------ SUPPLIED MATERIAL
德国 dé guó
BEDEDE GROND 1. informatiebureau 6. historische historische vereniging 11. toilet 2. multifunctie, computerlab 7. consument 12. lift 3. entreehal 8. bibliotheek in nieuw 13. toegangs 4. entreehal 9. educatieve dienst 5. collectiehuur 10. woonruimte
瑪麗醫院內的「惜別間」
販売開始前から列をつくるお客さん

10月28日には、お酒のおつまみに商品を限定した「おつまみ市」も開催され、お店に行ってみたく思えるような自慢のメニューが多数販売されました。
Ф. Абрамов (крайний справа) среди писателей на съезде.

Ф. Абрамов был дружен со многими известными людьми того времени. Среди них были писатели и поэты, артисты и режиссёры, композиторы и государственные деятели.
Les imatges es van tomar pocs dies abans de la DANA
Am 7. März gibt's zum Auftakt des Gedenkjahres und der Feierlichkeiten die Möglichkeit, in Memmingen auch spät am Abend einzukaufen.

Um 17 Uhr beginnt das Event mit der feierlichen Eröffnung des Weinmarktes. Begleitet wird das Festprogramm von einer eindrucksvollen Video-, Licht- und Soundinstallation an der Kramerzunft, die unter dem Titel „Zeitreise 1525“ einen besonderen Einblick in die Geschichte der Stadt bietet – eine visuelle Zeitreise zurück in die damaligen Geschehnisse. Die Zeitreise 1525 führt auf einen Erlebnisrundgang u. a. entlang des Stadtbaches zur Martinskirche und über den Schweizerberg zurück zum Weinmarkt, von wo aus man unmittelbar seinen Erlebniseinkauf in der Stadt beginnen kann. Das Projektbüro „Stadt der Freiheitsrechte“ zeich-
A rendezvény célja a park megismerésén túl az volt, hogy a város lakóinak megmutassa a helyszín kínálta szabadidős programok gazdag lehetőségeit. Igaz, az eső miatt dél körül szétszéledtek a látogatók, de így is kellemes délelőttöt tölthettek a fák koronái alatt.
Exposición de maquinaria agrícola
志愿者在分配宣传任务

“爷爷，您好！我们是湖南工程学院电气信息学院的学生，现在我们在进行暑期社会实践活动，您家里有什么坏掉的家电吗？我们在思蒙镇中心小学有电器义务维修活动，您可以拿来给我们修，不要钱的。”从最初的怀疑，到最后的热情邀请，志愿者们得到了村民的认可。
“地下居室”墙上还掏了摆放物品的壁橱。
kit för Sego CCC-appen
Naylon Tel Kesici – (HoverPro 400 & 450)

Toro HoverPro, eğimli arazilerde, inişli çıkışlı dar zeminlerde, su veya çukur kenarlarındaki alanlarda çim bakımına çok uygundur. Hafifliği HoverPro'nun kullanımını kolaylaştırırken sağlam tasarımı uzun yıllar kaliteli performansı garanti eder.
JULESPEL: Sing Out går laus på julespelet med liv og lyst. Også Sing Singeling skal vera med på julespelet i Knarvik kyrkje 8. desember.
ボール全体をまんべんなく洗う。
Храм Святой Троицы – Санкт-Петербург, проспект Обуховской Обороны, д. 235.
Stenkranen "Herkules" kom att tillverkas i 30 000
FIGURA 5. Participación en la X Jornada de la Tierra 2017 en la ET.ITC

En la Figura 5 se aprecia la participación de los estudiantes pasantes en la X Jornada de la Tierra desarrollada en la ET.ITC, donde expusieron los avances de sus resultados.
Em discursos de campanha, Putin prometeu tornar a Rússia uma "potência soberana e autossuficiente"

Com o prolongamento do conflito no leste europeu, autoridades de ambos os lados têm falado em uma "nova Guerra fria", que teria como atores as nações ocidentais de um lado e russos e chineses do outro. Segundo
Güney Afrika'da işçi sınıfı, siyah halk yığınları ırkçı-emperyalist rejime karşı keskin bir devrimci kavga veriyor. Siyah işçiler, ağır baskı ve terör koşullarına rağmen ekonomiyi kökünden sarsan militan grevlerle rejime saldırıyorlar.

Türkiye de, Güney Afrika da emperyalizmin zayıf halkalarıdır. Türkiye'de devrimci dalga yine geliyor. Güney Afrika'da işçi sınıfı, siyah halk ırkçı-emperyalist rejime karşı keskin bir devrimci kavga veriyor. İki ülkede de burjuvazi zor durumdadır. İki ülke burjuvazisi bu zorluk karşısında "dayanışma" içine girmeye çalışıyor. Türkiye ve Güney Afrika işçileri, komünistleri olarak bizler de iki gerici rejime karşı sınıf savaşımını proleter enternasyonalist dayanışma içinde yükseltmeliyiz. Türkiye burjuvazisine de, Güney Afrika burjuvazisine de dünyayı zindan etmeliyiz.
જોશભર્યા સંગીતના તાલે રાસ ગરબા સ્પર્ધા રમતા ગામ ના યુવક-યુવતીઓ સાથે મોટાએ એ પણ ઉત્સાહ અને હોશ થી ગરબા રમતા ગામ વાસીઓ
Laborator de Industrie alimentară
------------
------ SUPPLIED MATERIAL
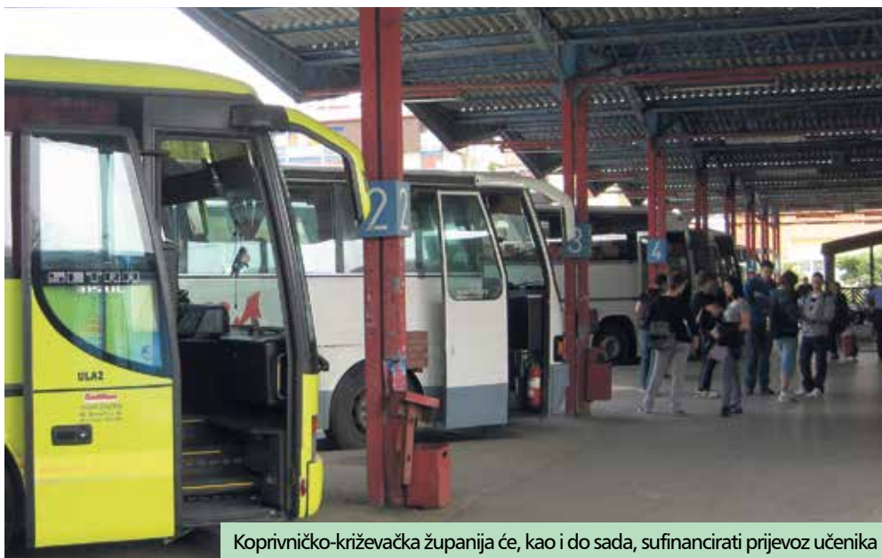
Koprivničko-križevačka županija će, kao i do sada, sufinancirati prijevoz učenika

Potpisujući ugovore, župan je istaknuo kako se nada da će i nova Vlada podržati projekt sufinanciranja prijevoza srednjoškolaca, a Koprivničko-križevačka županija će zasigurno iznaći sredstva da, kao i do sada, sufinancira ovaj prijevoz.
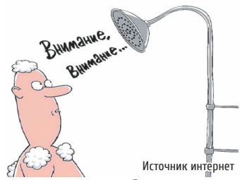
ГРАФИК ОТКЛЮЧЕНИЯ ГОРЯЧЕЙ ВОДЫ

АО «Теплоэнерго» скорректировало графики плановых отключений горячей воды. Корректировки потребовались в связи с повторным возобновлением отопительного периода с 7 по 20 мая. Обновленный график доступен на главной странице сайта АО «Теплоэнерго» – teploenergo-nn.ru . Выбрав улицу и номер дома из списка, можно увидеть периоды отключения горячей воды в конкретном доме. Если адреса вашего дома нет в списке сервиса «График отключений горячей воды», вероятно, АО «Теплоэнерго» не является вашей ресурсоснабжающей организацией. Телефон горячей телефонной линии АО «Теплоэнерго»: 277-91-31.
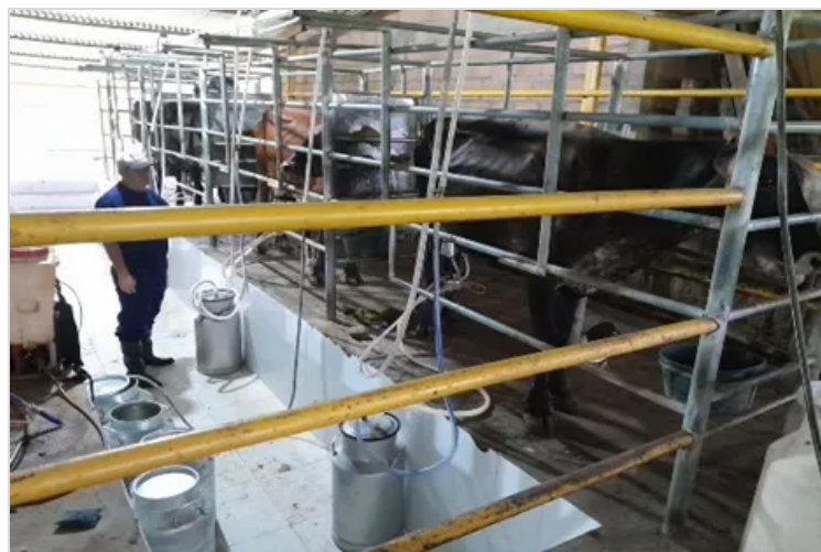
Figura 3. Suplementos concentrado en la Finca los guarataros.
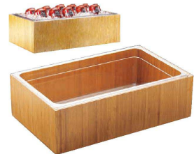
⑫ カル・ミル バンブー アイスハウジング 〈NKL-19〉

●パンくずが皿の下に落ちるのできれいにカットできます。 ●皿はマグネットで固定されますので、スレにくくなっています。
------------
------ SUPPLIED MATERIAL
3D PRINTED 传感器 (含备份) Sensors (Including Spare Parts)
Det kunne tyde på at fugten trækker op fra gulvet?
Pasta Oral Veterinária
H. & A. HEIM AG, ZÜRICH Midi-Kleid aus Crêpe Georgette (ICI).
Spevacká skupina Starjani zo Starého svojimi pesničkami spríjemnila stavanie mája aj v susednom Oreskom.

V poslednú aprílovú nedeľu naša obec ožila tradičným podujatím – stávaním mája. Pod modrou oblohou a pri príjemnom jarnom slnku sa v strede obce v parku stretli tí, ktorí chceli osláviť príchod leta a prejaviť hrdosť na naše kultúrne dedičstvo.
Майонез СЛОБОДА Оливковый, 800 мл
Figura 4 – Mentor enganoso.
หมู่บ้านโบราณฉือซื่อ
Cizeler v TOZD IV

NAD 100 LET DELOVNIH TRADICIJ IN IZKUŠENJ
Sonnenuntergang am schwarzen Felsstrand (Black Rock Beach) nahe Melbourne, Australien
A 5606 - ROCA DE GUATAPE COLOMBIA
------------
> [DIRECTIONS FOR THIS TASK]: Repeat, exactly as they stand above, the lines from the line with "Naylon Tel Kesici – (HoverPro 400 & 450)" to the line with "Güney Afrika'da işçi sınıfı, siyah halk yığınları", both lines included.

> [ANSWER TO THIS TASK]:
Naylon Tel Kesici – (HoverPro 400 & 450)

Toro HoverPro, eğimli arazilerde, inişli çıkışlı dar zeminlerde, su veya çukur kenarlarındaki alanlarda çim bakımına çok uygundur. Hafifliği HoverPro'nun kullanımını kolaylaştırırken sağlam tasarımı uzun yıllar kaliteli performansı garanti eder.
JULESPEL: Sing Out går laus på julespelet med liv og lyst. Også Sing Singeling skal vera med på julespelet i Knarvik kyrkje 8. desember.
ボール全体をまんべんなく洗う。
Храм Святой Троицы – Санкт-Петербург, проспект Обуховской Обороны, д. 235.
Stenkranen "Herkules" kom att tillverkas i 30 000
FIGURA 5. Participación en la X Jornada de la Tierra 2017 en la ET.ITC

En la Figura 5 se aprecia la participación de los estudiantes pasantes en la X Jornada de la Tierra desarrollada en la ET.ITC, donde expusieron los avances de sus resultados.
Em discursos de campanha, Putin prometeu tornar a Rússia uma "potência soberana e autossuficiente"

Com o prolongamento do conflito no leste europeu, autoridades de ambos os lados têm falado em uma "nova Guerra fria", que teria como atores as nações ocidentais de um lado e russos e chineses do outro. Segundo
Güney Afrika'da işçi sınıfı, siyah halk yığınları ırkçı-emperyalist rejime karşı keskin bir devrimci kavga veriyor. Siyah işçiler, ağır baskı ve terör koşullarına rağmen ekonomiyi kökünden sarsan militan grevlerle rejime saldırıyorlar.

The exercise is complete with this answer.